I want to update my collection with the list of members, updating and inserting new entries as necessary.

Do I need to loop through the members, or is there a faster way?

Here's my attempt, which seems to do what I want but takes a while:

for m in members: 
     collection.update_one( {'id':m['id']}, {'$set': m)}, upsert = True)

Please note that this requires updating each db entry with a different value, namely the one corresponding to its id.

回答1:

With modern pymongo you can use .bulk_write() with the ReplaceOne bulk write operation, in your particular case, or an otherwise appropriate operation

from pymongo import MongoClient
from pymongo import ReplaceOne

client = MongoClient()

db = client.test

members = [
  { 'id': 1, 'val1': 10,  'val2': 11 },
  { 'id': 2, 'val1': 2,   'val2': 34 },
  { 'id': 3, 'val1': 350, 'val2': 9  }
]

db.testcol.bulk_write([
  ReplaceOne(
    { "id": m['id'] },
    m,
    upsert=True
  )
  for m in members
])

Ideally you would not be processing from a source "list" and instead reading in some external "stream" to keep memory requirements down.
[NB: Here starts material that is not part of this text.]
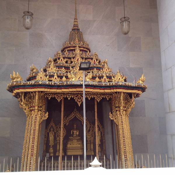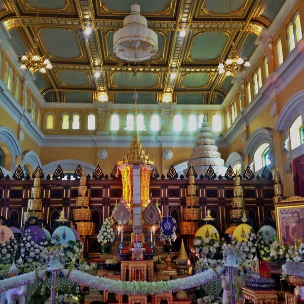 僧王寺位于考山路街区,但是不被一般游客所熟知,有种大隐隐于市之感。初次造访的游客可以借助GPS找到它。大殿佛像是Phutthachinnasi佛,传说该佛约建于1357年中式的雕像寺庙有座大金塔,虽没有大皇宫的金塔宏伟,但是金塔周围的神像也颇为有趣。金塔前供奉的是拉玛五式的圣像几经徘徊,我来到了已故僧王的故居。故居内安放着僧王的灵棺,来访朝拜的人络绎不绝。就连僧舍也弥漫着浪漫的教堂气息

In a similar way you would just build up the operations list argument for say 1000 operations and then calling .bulk_write() to the server for only every 1000.

But the whole point is that with .bulk_write() you are sending your "batch" all at once and with only one response, rather than as separate requests with separate responses, which creates overhead and takes time.
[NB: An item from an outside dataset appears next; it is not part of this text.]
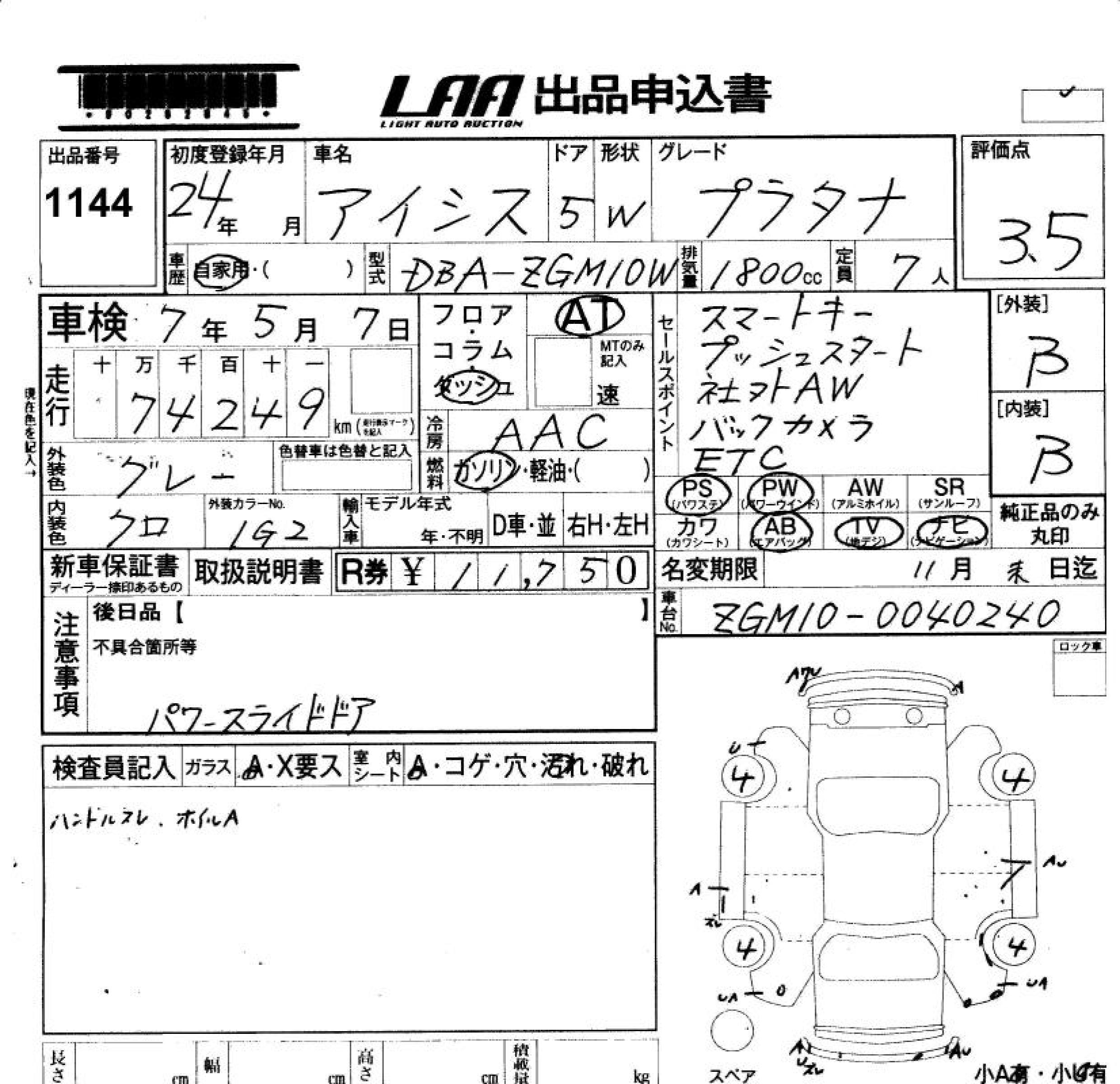 TOYOTA ISIS - лот 1144

Also using this API method actually uses the "Bulk API" underneath in supported servers, but degrades to making the individual calls for you when the server version does not support the "Bulk" methods.



回答2:

Use update_many if you have the same values.

But if you have different values, you can not update two documents at once with a MongoDB query. You will always have to do that in two queries. You can of course set a value of a field to the same value, or increment with the same number, but you can not do two distinct updates in MongoDB with the same query.